In this case, a pre-election agreement was validly signed by almost all unions in a company, including the CFTC. The agreement stipulated that ballots would be conducted by electronic vote, in accordance with a company collective agreement. Although the FO union did not sign the pre-election agreement, it subsequently presented candidates for the elections without expressing any reservations about the voting procedures stipulated in the agreement. Following the election results, both the CFTC and FO unions, along with several of their candidates, requested the annulment of the elections, contesting the validity of the pre-election agreement.

The question submitted to the French Supreme Court was therefore whether the unions and their candidates could legitimately contest the regularity of the elections based on the violation of a public order rule within the stipulations of the pre-election agreement, despite the absence of reservations when the agreement was signed and when the candidates were presented.
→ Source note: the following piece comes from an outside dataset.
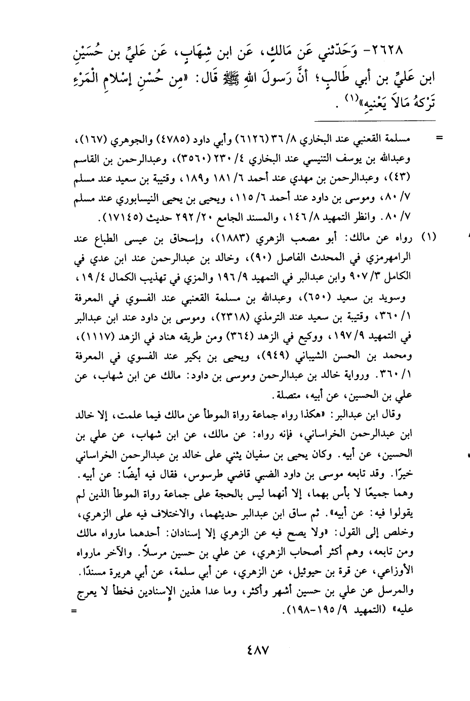 2628 - وَحَدَّثَنِي عَنْ مَالِكٍ، عَنِ ابْنِ شِهَابٍ، عَنْ عَلِيِّ بْنِ حُسَيْنِ بْنِ عَلِيِّ بْنِ أَبِي طَالِبٍ، أَنَّ رَسُولَ اللهِ صَلى الله عَلَيهِ وَسَلمَ قَالَ: مِنْ حُسْنِ إِسْلاَمِ الْمَرْءِ، تَرْكُهُ مَا لاَ يَعْنِيهِ.
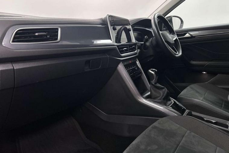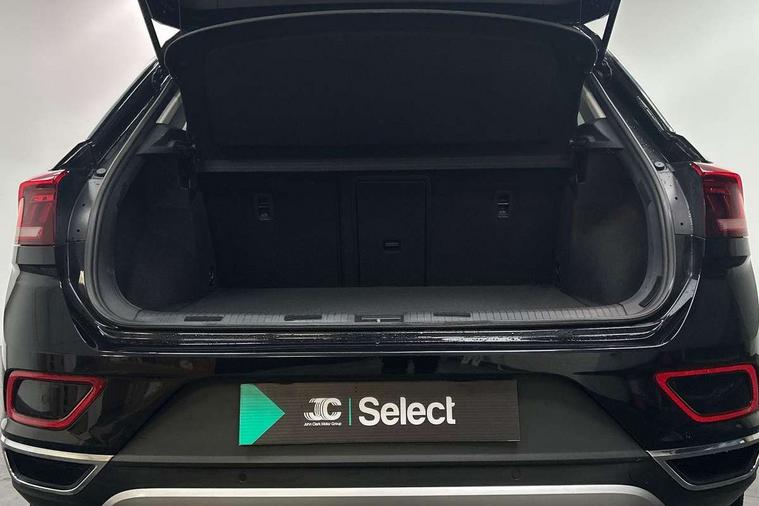 10.25" Digital cockpit pro, Bluetooth mobile phone interface, Driver alert system with fatigue detection, Driver tips and journey analysis, Emergency call service, Lane keeping system Lane Assist, Modified key software - reduce switch off time for key status change to Long no motion, Online services, Park assist including front and rear parking sensors, Service interval indicator, Tailgate/trunk lid release from outside, Think blue trainer driver tips and journey analysis, Warning sound and light for front seatbelts unfastened, Wireless app connect, Battery regeneration during braking, Start/stop function with battery regeneration, Diversity antenna for FM reception, Front and rear 6 speakers, Music playback - MP3, WMA and AAC files, Premium USB cable in choice of either Apple or Android smartphone compatibility, SD card slot, Simultaneous pairing of 2 compatible mobile devices, Title and cover art display, We Connect and We Connect Plus functionality, 3rd brake light, Auto dimming interior rear view mirror, Automatic hazard lights activation under emergency braking, Automatic headlight control with LED separate daytime running lights with coming/leaving home function, Body colour sports bumpers with silver metallic underbody fascia, Dynamic headlight range control with self adjusting whilst driving, Extended roof spoiler, Exterior mirrors aspherical on driver side, convex on front passenger side, External USB type C socket and charging sockets, Front windscreen wiper with intermittent wipe and 4 position delay, Heated rear window, LED Plus headlamps, LED rear combination lamps, LED rear number plate lights, LED tail lamp rear comination lamps, Light mode for poor weather, rain, fog or snow, Power windows with comfort operation and circuit breaker, Rain sensor, Rear exhaust tailpipe, Rear fog light on one side and reversing lights on both sides, Rear side wing doors, Rear wash/wipe with intermittent wipe setting, Remote electrically foldable door mirrors, puddle lights and reverse activated passenger's door mirror, 12V power socket in centre console, 3 rear head restraints, 3 seat bench in 2nd row, 4 load lashing points in luggage compartment, Air care climatronic air conditoning system with active combination filter and 2-zone temperature control, Chrome plated radiator grille inserts, air vent surrounds and light switch surrounds, Door and side trim panel with leatherette insert, Drawer under drivers seat, Front + rear carpet mats, Front centre armrest, Front comfort sports seats, Front cupholders x 2, Front footwell illumination, Instrument lighting, white adjustable panel illumination, Interior ambient lighting and surround lighting, Interior light delay, Isofix child seat preparation, Leather gearshift handle, LED interior light with switch off delay/dimmer and 2 front/rear LED reading lights, Load-through provision with cup holder when folded down ('Unsplit rear seat bench, split folding backrest, with centre armrest), Luggage compartment lighting, Non-folding front passenger seat backrest, Single front passenger seat, Storage compartment in left and right luggage area, Storage compartment in rear doors, Storage compartments in driver and front passenger doors, Sunvisors with illuminated vanity mirrors, Variable boot floor, height adjustable and removable, Driver assistance pack without proactive passenger protection - T-Roc, 3 point height adj front seatbelts + pretensioners, 3 point seatbelts in outer rear with ECE label, ABS, Child locks on rear doors, Driver and front passenger airbag with front passenger airbag deactivation, Driver and front passenger safety-optimised head restraints, Drivers seatbelt reminder, Electronic parking brake, Electronic Stability Control (ESC) inc EDL (Electronic Differential Lock) and ASR (Traction Control), Front and rear passengers curtain airbag system including front side airbags, Front assist with city emergency braking and pedestrian monitoring, Front seat side impact airbags, Predictive pedestrian protection, Rear disc brakes, Single tone horn, Tyre pressure loss indicator, Volkswagen roadside assistance, Alarm with interior protection, Anti-theft alarm system with interior monitoring, backup horn, and towing protection, Remote central locking with SAFELOCK, radio remote control with 2 remote control folding keys, Trims for alloy wheels,

The French Supreme Court’s answer is in the negative, limiting the challenge both to unions that have not expressed reservations and to their candidates, even in cases where the stipulations of the pre-election agreement do not comply with the general principles of electoral law regarding the personal exercise of the right to vote.

  • Regarding the restriction for unions that have not expressed reservations: It is established case law that unions which signed the pre-election agreement without making any reservations, as well as unions that, although not signatories to the pre-election agreement, put forward candidates without making any reservations, cannot contest the agreement (French Supreme Court, March 20, 2024, 22-23.929).
  • Regarding the restriction on candidates: The novelty of this ruling lies in the fact that the French Supreme Court considers, for the first time, that the inability to contest the pre-election agreement, which applies to unions that have not expressed any reservations, also extends to any employee, candidate, or elected official appearing on a list of these unions, even if they cite a violation of public order rules by the agreement.

This restriction is far-reaching, as it establishes a direct link between the conduct of the union and the ability of its members to contest the elections.